Exercise goal
The reply to the records below should contain exactly the lines from the line with "La boquilla N-M1200C" through the line with "ConfigIgnitionIgnition Main Ignition", and nothing besides.

Available data
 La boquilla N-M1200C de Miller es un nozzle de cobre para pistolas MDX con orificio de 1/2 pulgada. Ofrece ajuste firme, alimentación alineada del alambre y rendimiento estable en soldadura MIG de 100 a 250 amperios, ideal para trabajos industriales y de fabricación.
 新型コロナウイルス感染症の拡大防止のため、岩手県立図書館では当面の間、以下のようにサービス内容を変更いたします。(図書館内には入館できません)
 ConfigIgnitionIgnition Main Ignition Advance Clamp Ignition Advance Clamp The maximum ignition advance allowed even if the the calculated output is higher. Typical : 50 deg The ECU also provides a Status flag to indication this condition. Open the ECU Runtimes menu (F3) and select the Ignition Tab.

==

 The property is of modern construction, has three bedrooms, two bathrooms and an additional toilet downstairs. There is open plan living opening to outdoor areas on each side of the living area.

Reply to the task
 La boquilla N-M1200C de Miller es un nozzle de cobre para pistolas MDX con orificio de 1/2 pulgada. Ofrece ajuste firme, alimentación alineada del alambre y rendimiento estable en soldadura MIG de 100 a 250 amperios, ideal para trabajos industriales y de fabricación.
 新型コロナウイルス感染症の拡大防止のため、岩手県立図書館では当面の間、以下のようにサービス内容を変更いたします。(図書館内には入館できません)
 ConfigIgnitionIgnition Main Ignition Advance Clamp Ignition Advance Clamp The maximum ignition advance allowed even if the the calculated output is higher. Typical : 50 deg The ECU also provides a Status flag to indication this condition. Open the ECU Runtimes menu (F3) and select the Ignition Tab.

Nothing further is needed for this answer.